[Items listed in a dataset]
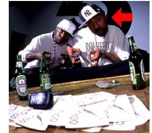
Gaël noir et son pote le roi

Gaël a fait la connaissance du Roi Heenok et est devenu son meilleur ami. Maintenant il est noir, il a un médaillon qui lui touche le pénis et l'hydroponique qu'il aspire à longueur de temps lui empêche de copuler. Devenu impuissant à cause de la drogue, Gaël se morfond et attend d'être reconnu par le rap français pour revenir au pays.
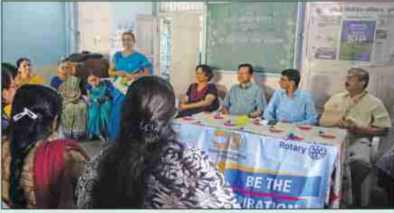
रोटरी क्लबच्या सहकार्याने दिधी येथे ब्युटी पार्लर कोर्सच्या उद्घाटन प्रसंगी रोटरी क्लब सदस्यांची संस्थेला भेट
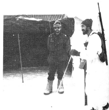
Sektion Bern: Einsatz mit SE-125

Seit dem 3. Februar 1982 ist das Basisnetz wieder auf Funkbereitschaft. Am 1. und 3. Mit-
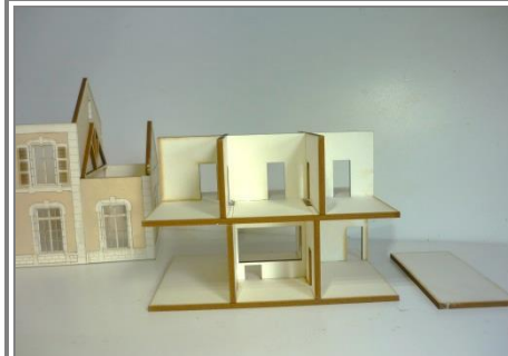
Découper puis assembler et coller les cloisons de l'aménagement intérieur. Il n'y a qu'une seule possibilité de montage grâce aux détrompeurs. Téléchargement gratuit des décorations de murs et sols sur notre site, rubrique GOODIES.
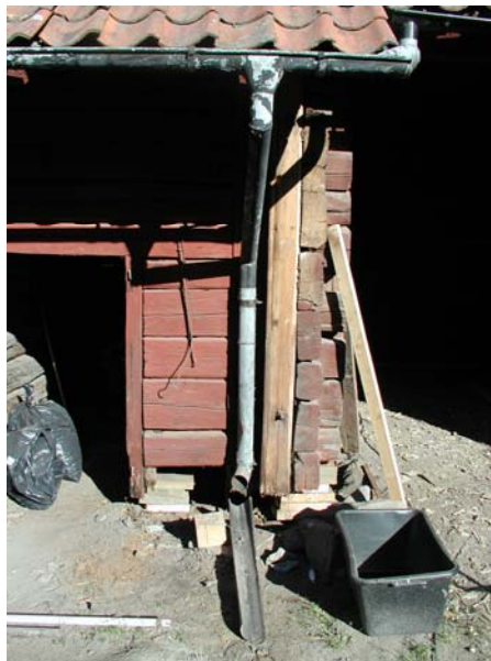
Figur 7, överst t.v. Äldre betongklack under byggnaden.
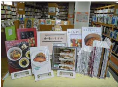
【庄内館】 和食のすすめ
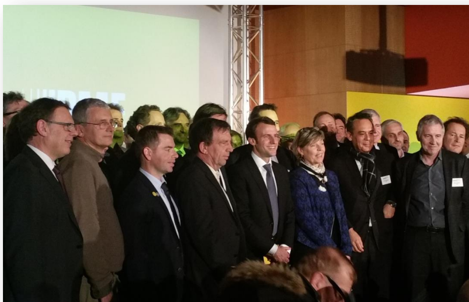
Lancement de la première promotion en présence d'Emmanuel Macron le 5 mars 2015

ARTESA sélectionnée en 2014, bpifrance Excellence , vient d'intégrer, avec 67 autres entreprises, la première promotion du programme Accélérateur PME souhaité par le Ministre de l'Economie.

What to produce:
For this exercise, copy every line of the data that holds "promotion".

Finished task:
Lancement de la première promotion en présence d'Emmanuel Macron le 5 mars 2015
ARTESA sélectionnée en 2014, bpifrance Excellence , vient d'intégrer, avec 67 autres entreprises, la première promotion du programme Accélérateur PME souhaité par le Ministre de l'Economie.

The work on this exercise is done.